How Trent Reznor has evolved his musical identity for more than two decades

From Stereogum:

Rewind 20 years: In 1992, Reznor was, in his own words, “26 years, on my way to hell,” and his then-newest music, the Broken EP, sounded like the mouth of damnation itself. Noisy and abrasive, full of glitch sounds (not a Reznor innovation, though Broken was probably the first commercially successful album to use them), the EP took a huge step away from the frigid synth-pop found on NIN’s 1989 debut, Pretty Hate Machine.

Obviously, Reznor has accomplished more in the last 20 years than most musicians would manage over the course of three or four lifetimes. He took Nine Inch Nails from a band that could not perform live to an arena draw, and in so doing put on some of the most elaborate stage shows in modern rock. Offstage, Reznor embraced file sharing and remix culture in unprecedented ways — Radiohead received the acclaim for releasing a major album for free, but Reznor did it with more conviction (In Rainbows had major-label backing as a pay-what-you-want release; The Slip was independent and exclusively free). Reznor’s soundtrack for The Social Network is the first primarily electronic score to win an Oscar. His improbable metamorphosis from strung-out dance-club gadfly wrapped in VHS tape to tuxedo-clad and happily married Academy Award-winning composer could be the subject of its own Oscar-bait biopic (directed by Reznor accomplice David Fincher, naturally).

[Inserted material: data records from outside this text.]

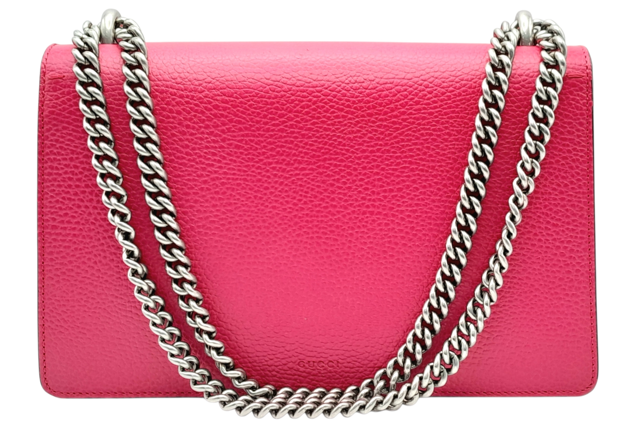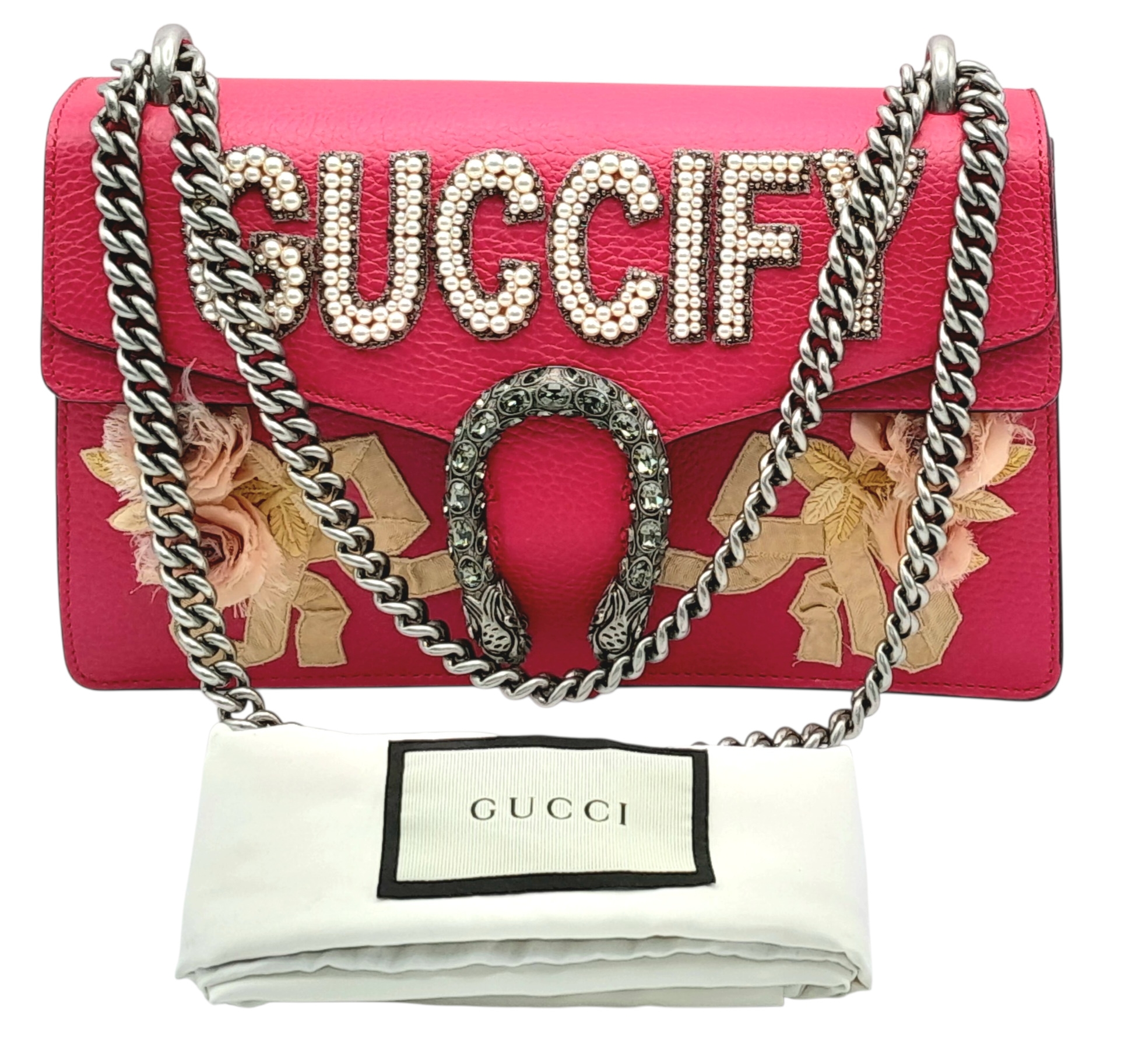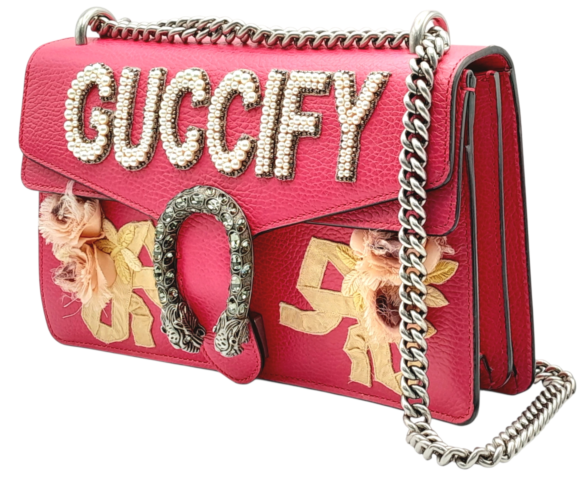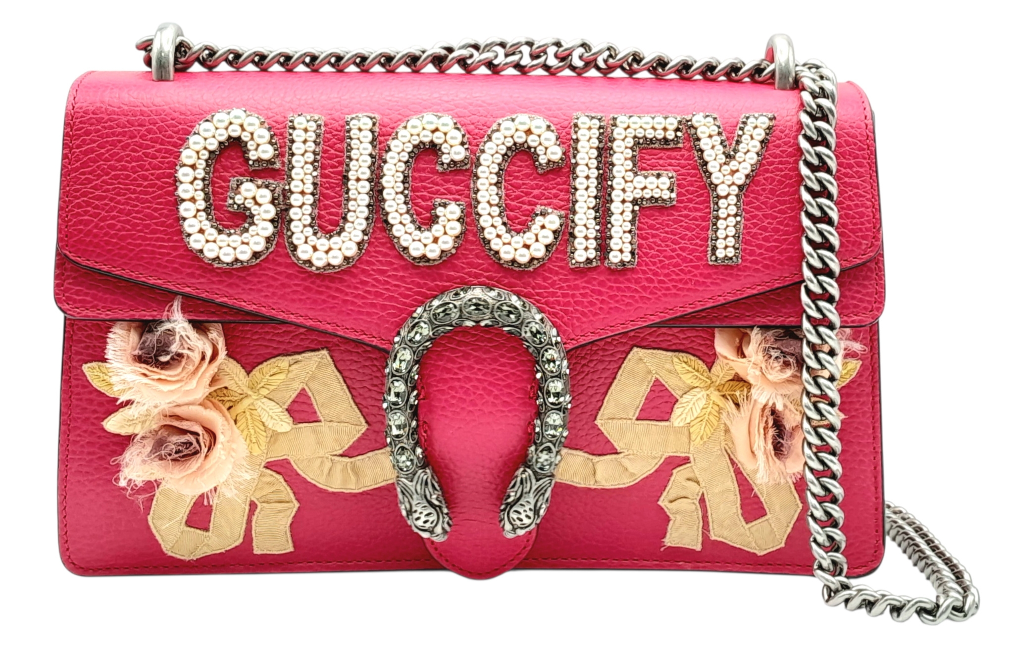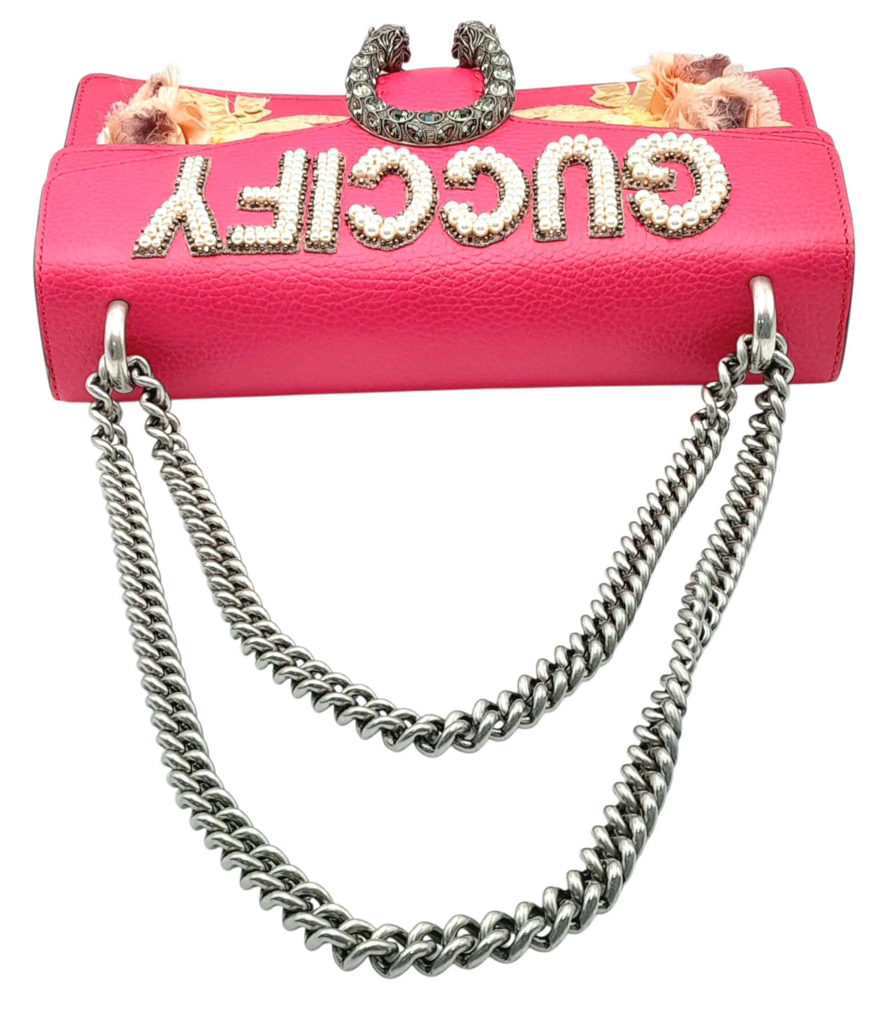 A Gucci Dionysus Embellished Leather Shoulder Bag. Crafted in vibrant pink textured leather, featuring the iconic Dionysus tiger head closure in antiqued silver-tone hardware. The flap is adorned with “GUCCIFY” pearl embellishment lettering and floral embroidery detailing, adding a distinctive and playful finish. Completed with a silver-tone chain shoulder strap for shoulder or crossbody wear. Flap closure opening to a structured interior with multiple compartments and a central zipped section for organisation. In good overall condition with light signs of use. Please see photos for details or request a condition report. Measurements: L28 X W19 cm. Come with dust bag. Ref: 11504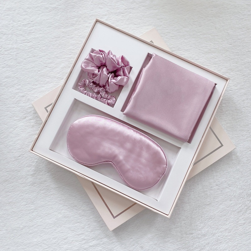 Luxury Satin Sleep Mask Gift Set - 4-Piece with Pillowcase and Hair Accessories Product Description Indulge in a restful night's sleep with this Luxury Satin Sleep Mask Gift Set. This 4-piece set includes a satin sleep mask, a pillowcase, and two hair acce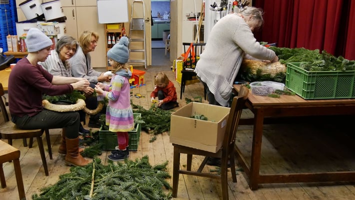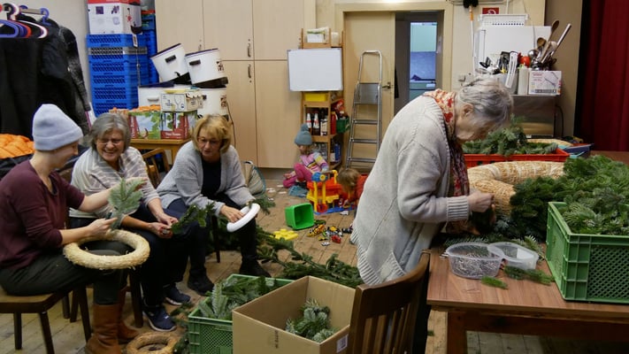 Adventkranzbinden in der Pfarre

Still, massive though Reznor’s circle of influence has become, it remains oddly invisible. Bands that draw openly from NIN are rare in 2012. According to cliché, everyone prefers an artist’s older work, but industrial — the genre that birthed Reznor and NIN in the late ’80s — shows him little deference today. In 2012 the industrial trend du jour is still EBM, and I don’t hear Reznor in Combichrist or any of their disciples. Did Reznor veer too far from his roots too early on? Twenty years ago, Reznor was remixing Megadeth and KMFDM, artists whose music was as abrasive as his own. At the same time, Reznor’s collaborators on Fixed, the remix album that couples with Broken, were by and large other electronic and industrial producers.